Now that mergers and acquisitions are again attracting interest, companies are focusing on how to deliver on their promise of greater value for their shareholders. As a result, they're taking a methodical approach to integrating their operations, including their supply chains, says a new report from the Conference Board, a nonprofit business research organization. Based on a survey of 86 executives involved in mergers and acquisitions, researchers concluded that many companies have begun to formalize the way they manage business integrations.

In particular, the Conference Board report found that "serial acquirers," or companies that pursue corporate growth through mergers and acquisitions (M&As), are developing formal practices that are tailored to fit their strategies, the size of the acquisition targets, and the degree of similarity between themselves and the acquired companies in terms of industrial focus and/or geography.
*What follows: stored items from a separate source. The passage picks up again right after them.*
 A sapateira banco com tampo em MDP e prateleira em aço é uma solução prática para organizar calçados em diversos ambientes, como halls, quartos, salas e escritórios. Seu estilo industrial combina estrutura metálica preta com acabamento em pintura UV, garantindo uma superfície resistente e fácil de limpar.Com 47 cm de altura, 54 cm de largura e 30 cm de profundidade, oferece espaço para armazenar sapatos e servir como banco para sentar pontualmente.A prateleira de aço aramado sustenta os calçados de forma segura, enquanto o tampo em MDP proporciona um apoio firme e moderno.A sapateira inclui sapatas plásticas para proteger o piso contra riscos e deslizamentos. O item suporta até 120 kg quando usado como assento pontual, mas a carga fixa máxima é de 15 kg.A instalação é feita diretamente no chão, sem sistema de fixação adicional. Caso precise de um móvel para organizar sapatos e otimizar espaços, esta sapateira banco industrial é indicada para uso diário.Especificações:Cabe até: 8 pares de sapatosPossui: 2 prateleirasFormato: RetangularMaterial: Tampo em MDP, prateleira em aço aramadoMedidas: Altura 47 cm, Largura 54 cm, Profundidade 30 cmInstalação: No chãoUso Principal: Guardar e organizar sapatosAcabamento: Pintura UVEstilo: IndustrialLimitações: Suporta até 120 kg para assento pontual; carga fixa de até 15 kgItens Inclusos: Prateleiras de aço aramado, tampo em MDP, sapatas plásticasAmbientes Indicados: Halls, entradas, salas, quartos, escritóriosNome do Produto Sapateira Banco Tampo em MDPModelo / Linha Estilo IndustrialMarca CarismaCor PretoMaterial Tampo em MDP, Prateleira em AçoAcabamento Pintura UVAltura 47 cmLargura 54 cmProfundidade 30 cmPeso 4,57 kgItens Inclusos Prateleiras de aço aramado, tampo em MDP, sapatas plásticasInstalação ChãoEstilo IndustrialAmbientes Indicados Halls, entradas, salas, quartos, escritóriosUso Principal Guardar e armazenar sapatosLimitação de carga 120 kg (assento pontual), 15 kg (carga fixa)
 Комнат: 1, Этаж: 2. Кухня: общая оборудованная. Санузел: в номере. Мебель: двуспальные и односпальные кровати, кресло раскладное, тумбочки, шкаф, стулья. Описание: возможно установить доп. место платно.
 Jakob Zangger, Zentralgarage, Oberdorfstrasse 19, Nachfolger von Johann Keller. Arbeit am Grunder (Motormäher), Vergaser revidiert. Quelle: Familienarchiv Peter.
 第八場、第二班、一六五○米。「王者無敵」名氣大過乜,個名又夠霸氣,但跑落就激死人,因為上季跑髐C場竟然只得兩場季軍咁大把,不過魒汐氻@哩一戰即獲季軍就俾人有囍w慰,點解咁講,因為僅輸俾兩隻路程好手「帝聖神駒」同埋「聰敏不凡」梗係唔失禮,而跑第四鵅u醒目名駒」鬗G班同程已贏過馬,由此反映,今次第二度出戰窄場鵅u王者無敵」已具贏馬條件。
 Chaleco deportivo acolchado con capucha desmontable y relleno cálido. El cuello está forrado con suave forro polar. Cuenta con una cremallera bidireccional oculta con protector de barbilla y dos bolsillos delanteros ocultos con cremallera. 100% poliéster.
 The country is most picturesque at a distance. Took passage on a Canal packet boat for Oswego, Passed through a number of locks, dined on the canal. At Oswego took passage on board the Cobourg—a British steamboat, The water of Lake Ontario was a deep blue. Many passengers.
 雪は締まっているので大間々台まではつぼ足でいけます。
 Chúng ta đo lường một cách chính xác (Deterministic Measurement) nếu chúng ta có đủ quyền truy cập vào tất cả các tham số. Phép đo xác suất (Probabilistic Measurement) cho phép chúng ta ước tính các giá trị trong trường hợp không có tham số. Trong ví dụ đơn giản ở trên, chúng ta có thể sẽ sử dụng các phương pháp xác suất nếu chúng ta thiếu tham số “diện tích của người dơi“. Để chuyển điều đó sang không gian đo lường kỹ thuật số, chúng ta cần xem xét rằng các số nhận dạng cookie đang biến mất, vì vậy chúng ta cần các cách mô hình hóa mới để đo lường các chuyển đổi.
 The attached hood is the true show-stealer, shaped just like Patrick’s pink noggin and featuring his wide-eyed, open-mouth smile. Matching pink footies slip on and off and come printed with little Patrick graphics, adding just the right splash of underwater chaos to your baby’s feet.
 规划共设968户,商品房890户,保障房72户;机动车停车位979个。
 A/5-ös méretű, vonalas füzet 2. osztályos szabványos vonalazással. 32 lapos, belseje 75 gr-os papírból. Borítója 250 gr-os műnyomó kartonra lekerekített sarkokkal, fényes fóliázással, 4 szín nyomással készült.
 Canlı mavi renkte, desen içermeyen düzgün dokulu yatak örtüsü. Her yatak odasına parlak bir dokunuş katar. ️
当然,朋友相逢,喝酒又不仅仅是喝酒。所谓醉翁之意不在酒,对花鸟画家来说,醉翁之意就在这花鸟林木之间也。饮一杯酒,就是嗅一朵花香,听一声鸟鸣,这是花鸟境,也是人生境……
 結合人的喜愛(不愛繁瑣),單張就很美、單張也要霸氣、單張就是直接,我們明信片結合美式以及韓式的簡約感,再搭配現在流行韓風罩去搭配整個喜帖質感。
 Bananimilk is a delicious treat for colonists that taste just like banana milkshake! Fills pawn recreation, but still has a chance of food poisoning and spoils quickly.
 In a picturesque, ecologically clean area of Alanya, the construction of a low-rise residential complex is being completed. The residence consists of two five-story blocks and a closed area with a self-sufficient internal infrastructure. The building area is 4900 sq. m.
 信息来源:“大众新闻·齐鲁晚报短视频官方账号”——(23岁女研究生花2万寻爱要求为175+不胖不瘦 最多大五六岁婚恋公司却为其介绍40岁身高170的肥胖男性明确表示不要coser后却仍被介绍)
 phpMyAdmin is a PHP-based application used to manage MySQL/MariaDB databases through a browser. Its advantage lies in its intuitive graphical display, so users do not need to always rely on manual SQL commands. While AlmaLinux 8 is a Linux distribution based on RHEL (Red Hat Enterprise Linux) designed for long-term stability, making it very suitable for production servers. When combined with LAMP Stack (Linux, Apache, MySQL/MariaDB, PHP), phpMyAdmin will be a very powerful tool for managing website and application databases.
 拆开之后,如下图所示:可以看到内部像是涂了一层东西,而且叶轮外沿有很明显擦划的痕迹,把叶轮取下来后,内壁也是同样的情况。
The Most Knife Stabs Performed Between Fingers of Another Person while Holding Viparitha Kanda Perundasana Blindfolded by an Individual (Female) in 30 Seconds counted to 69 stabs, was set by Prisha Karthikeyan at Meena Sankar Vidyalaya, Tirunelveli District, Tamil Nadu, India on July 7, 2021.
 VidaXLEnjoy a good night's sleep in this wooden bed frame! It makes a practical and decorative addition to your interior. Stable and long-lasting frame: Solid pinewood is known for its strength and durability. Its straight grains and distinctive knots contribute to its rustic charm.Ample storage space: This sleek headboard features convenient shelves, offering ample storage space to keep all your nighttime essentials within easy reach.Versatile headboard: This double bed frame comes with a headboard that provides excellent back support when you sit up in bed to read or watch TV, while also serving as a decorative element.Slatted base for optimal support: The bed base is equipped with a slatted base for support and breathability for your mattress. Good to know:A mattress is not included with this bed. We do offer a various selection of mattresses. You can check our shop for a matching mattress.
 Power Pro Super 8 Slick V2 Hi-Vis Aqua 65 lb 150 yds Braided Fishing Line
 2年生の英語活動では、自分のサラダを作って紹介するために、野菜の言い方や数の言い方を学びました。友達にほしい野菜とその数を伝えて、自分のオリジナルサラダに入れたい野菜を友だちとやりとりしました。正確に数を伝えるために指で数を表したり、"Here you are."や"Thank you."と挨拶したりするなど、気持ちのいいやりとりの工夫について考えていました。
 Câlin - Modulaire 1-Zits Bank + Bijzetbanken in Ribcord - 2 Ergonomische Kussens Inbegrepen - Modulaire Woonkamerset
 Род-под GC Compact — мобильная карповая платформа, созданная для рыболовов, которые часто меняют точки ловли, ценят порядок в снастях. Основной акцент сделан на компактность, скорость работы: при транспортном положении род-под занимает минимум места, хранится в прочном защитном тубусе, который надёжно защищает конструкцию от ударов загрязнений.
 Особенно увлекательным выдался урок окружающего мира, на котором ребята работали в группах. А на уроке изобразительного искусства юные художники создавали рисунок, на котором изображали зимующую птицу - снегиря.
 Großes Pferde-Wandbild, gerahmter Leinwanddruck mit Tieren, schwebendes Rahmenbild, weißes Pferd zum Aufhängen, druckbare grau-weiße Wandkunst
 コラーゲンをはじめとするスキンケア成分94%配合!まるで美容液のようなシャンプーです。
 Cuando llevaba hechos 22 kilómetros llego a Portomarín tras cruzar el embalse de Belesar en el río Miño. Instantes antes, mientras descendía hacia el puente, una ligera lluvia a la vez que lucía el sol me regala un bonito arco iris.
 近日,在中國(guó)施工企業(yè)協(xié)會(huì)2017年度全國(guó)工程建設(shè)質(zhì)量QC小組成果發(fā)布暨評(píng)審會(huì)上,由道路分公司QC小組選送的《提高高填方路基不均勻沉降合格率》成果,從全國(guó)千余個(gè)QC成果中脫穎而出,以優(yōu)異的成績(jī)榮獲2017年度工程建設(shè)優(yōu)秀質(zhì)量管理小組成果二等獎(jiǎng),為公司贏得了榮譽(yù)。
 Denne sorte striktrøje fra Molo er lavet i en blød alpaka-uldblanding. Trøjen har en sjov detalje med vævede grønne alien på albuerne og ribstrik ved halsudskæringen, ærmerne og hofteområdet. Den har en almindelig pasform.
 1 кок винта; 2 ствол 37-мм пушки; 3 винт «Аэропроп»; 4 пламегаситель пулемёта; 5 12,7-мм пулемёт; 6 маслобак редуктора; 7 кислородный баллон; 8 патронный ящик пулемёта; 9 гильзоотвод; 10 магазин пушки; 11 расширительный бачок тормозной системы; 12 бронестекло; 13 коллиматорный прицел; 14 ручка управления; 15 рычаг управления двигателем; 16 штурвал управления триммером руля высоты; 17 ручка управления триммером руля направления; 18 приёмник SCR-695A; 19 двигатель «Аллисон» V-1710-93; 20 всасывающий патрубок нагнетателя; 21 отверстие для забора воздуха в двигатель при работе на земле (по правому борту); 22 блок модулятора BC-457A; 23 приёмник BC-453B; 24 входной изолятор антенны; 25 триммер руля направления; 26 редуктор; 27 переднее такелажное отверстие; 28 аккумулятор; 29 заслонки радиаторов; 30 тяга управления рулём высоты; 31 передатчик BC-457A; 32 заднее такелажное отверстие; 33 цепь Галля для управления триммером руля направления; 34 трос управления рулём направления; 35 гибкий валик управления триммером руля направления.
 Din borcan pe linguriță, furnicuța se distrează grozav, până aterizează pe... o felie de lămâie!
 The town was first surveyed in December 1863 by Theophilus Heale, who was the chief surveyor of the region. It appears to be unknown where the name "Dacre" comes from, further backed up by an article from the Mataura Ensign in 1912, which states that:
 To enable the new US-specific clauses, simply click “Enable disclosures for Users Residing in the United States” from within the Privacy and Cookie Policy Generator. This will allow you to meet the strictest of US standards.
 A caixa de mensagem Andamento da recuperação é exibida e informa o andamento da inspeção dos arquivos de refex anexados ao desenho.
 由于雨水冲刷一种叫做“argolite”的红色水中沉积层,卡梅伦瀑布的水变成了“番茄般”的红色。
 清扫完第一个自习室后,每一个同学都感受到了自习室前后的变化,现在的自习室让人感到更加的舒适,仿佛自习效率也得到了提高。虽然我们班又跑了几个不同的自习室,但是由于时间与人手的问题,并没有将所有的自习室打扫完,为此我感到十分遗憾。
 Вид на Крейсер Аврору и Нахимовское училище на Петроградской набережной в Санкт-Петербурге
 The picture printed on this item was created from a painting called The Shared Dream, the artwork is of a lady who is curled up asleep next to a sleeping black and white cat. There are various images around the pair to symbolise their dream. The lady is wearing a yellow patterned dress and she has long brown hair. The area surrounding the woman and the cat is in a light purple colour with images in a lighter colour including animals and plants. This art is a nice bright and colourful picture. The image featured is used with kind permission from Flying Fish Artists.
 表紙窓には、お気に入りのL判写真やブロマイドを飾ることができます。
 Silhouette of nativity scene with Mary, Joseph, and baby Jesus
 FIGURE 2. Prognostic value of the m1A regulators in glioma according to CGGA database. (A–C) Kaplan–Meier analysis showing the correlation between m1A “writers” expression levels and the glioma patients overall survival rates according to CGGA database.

By formalizing their integration practices, companies gain several advantages. First, they can track what has worked successfully in past mergers and apply those practices next time around. They can also establish clear objectives and specific processes, which allow them to communicate more effectively with those involved. "Having a well-oiled 'integration engine' brings a certain dynamism that encourages commitment to the objectives and goals of the integration," write the report's authors.

The Conference Board offers a number of recommendations for facilitating business integrations in general; all of them apply equally well to supply chain operations.

  1. Build organizational tools and capabilities to support the integration process.
  2. Recruit generalists rather than specialists to the integration team.
  3. Give priority to major challenges, such as integrating corporate cultures or IT systems and building management teams.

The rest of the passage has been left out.